• **Task to complete**: The range runs from the line containing "インナー使いでも着ぶくれしに" to the last line of the entries. Copy that range exactly, omitting pictures.
Records shown Block Start
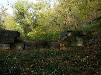 | Keywords: Lock 54 C and O Canal from NPS.jpg en Lock 54 NPS site says Construction of Lock 54 began in 1839 but due to the financial troubles of the Canal Co it was not completed until 1848 It is constructed of both grey limestone and tan sandstone much of it of inferior quality The lock was much repaired and patched over time and even timber was used on occasion The walls have shifted and tilted since the abandonment of the canal in the 1920s In 1974 the NPS filled the lock in with earth order to stabilize it National Park Service http //www hscl cr nps gov/insidenps/report asp STATE PARK CHOH STRUCTURE SORT RECORDNO 862 National Park Service Dept of Interior US Government Chesapeake Ohio Canal National Historical Park Locks water transport PD-USGov |
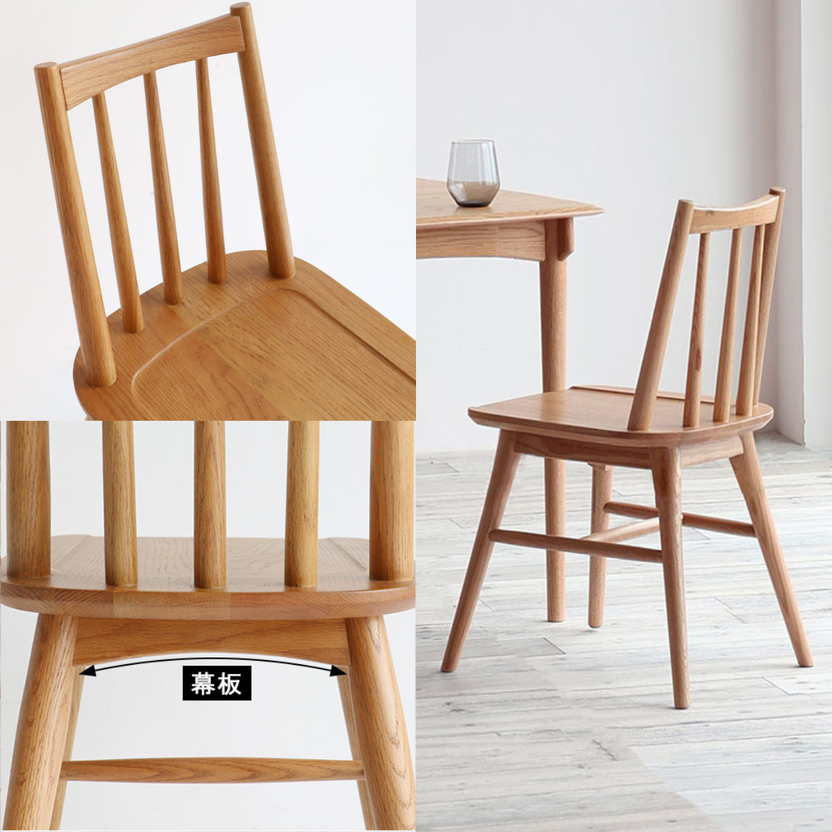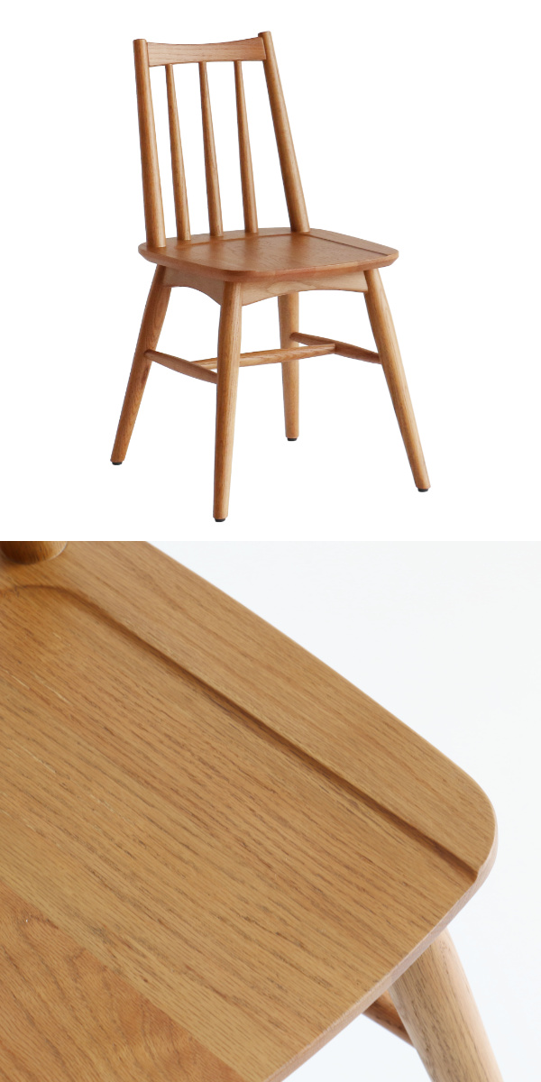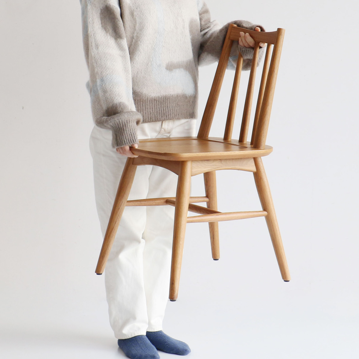 ウィンザー調のデザインが軽やかで美しいダイニングチェアです。背もたれ、座面下の幕板の形状に意匠を取り入れデザインのアクセントに。同シリーズのダイニングテーブルとの親和性を高める、曲線形状です。
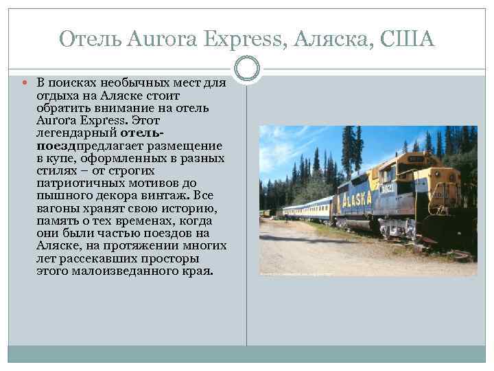 Отель Aurora Express, Аляска, США В поисках необычных мест для отдыха на Аляске стоит обратить внимание на отель Aurora Express. Этот легендарный отельпоездпредлагает размещение в купе, оформленных в разных стилях – от строгих патриотичных мотивов до пышного декора винтаж. Все вагоны хранят свою историю, память о тех временах, когда они были частью поездов на Аляске, на протяжении многих лет рассекавших просторы этого малоизведанного края.
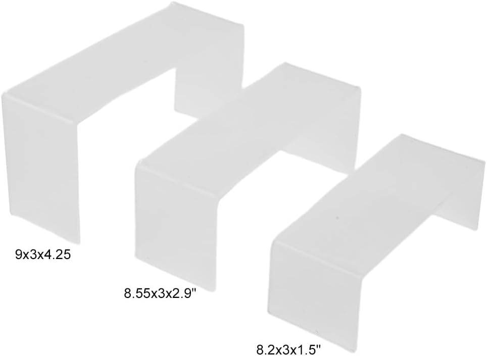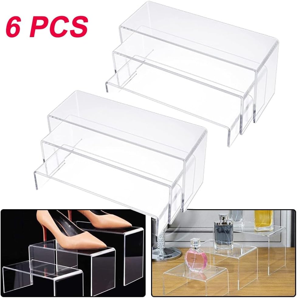 Espositore in acrilico: 6 rialzi rettangolari trasparenti in 3 dimensioni (22 x 7 x 10 cm, 20,8 x 7,6 x 3,8 cm) per artigianato, oggetti da collezione, gioielli, cosmetici e oggetti al dettaglio Espositore trasparente: realizzato in acrilico extra trasparente con bordi lisci per un look elegante e per una facile pulizia, fornendo un effetto visivo galleggiante senza distrarre dai tuoi oggetti in vetrina Scarpiera da banco per gioielli: il design trasparente migliora la visibilità in armadi, negozi, vetrine, fiere o feste consentendo una disposizione flessibile con tre diversi livelli di altezza Scaffale per dessert: ogni set include 3 supporti a forma di U per un supporto stabile di figure, premi, barattoli di bellezza o accessori, la costruzione riutilizzabile garantisce prestazioni di lunga durata Soluzione multiuso per display: le pellicole protettive su entrambi i lati devono essere rimosse prima dell'uso per rivelare una finitura impeccabile, possono verificarsi leggere variazioni di dimensioni dovute alla misurazione manuale
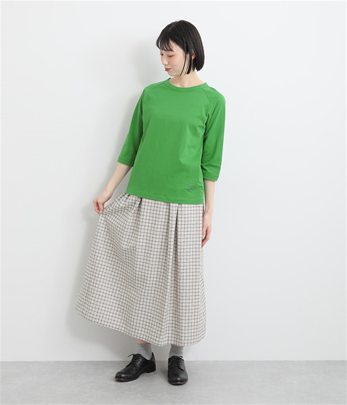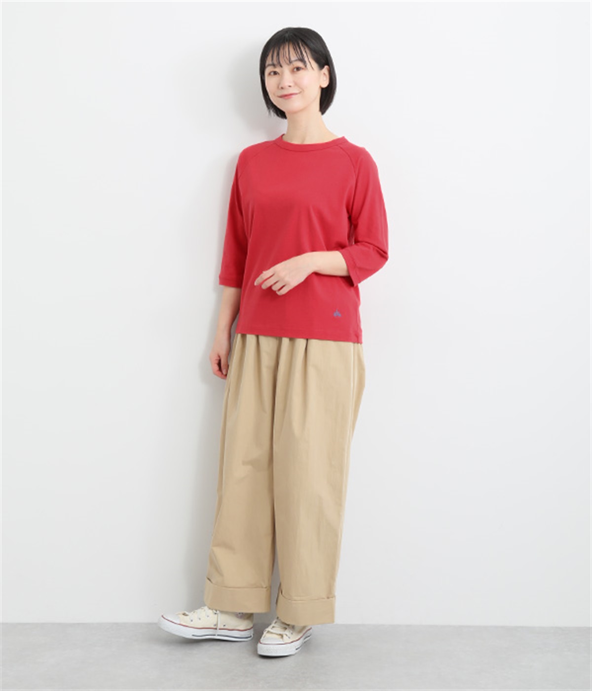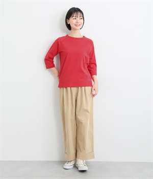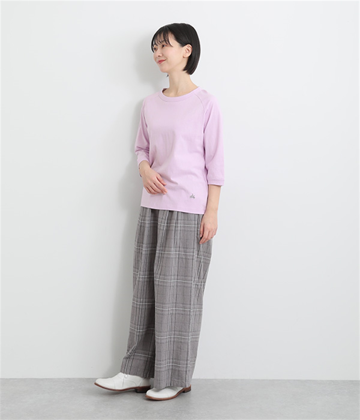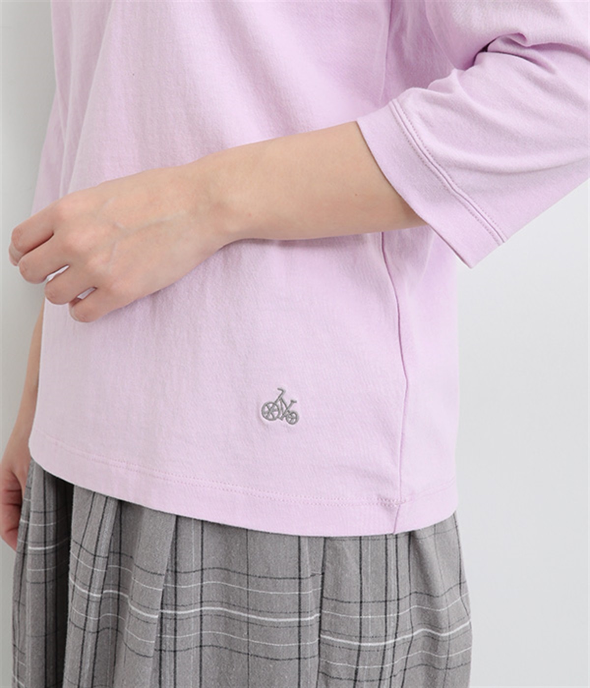 インナー使いでも着ぶくれしにくい、大きすぎないレギュラーシルエット。肩まわりが動かしやすいラグランスリーブ&ロングシーズン着まわせる七分袖です。左裾の刺しゅうでさりげないアクセントをプラス。
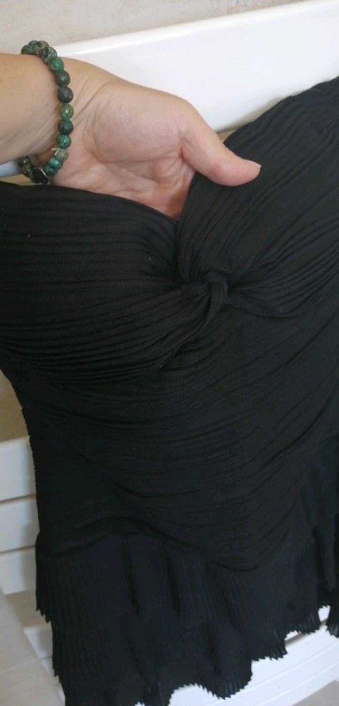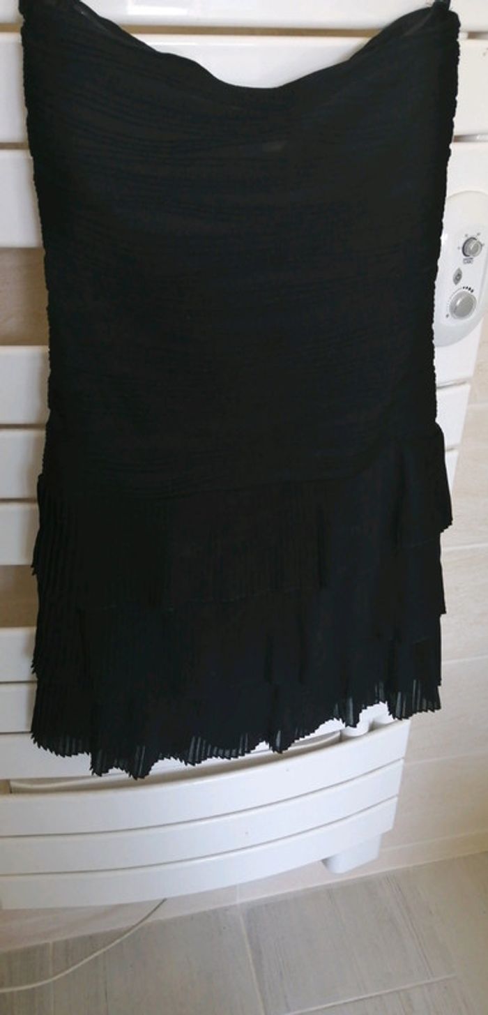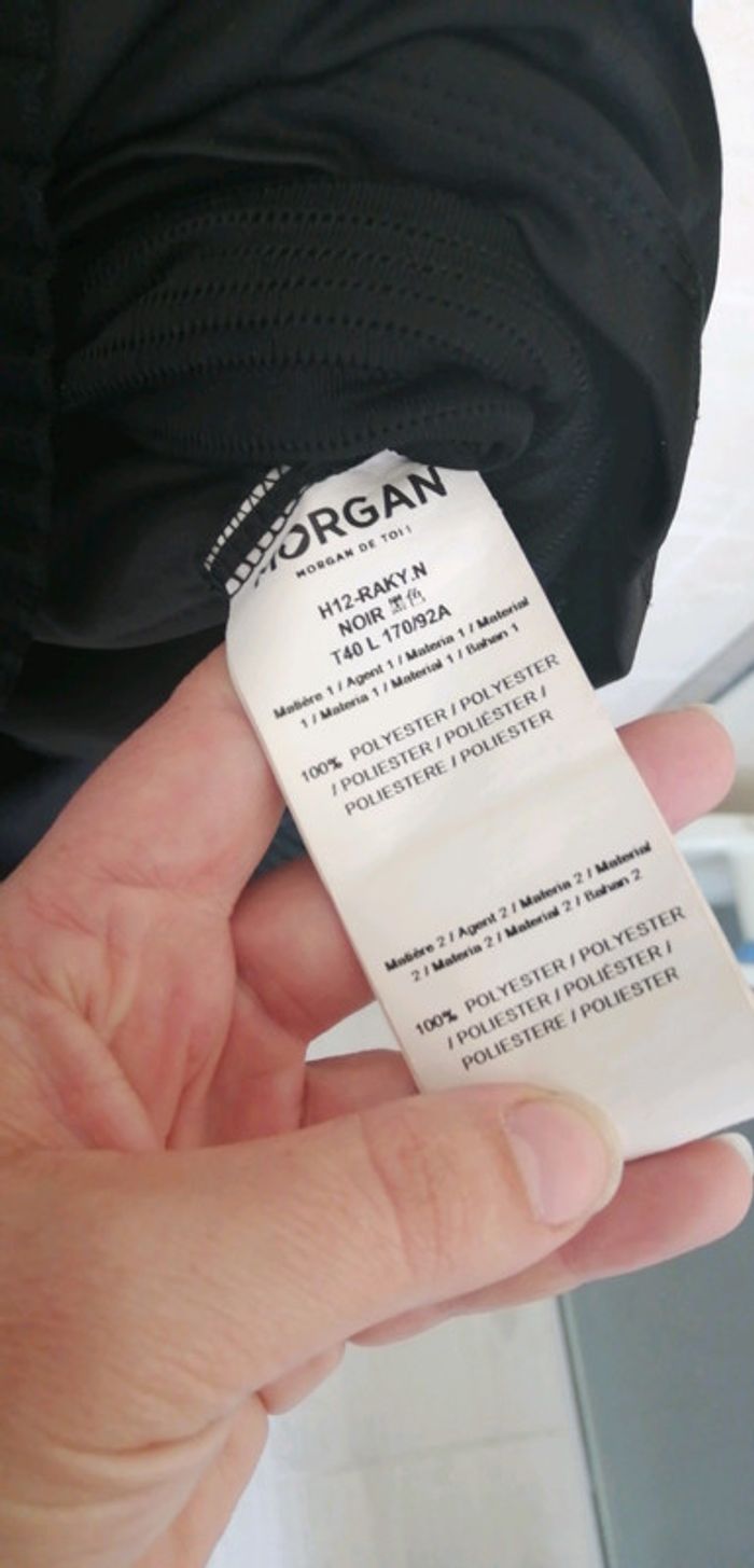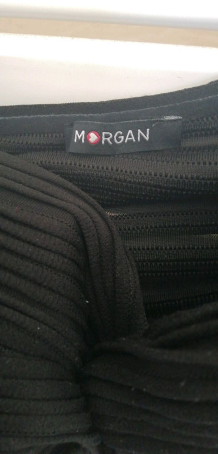 Magnifique robe Morgan noire 👍Parfait etat 😃Taille 40 😎Colorie noire ✌️ZIP de fermeture sur le côté 💪Matière agréable à porter 🙏Rembourrage bustier 🌷Effet de semi transparence à l'arrière
Records shown Block End
• **Response below**:
 インナー使いでも着ぶくれしにくい、大きすぎないレギュラーシルエット。肩まわりが動かしやすいラグランスリーブ&ロングシーズン着まわせる七分袖です。左裾の刺しゅうでさりげないアクセントをプラス。
 Magnifique robe Morgan noire 👍Parfait etat 😃Taille 40 😎Colorie noire ✌️ZIP de fermeture sur le côté 💪Matière agréable à porter 🙏Rembourrage bustier 🌷Effet de semi transparence à l'arrière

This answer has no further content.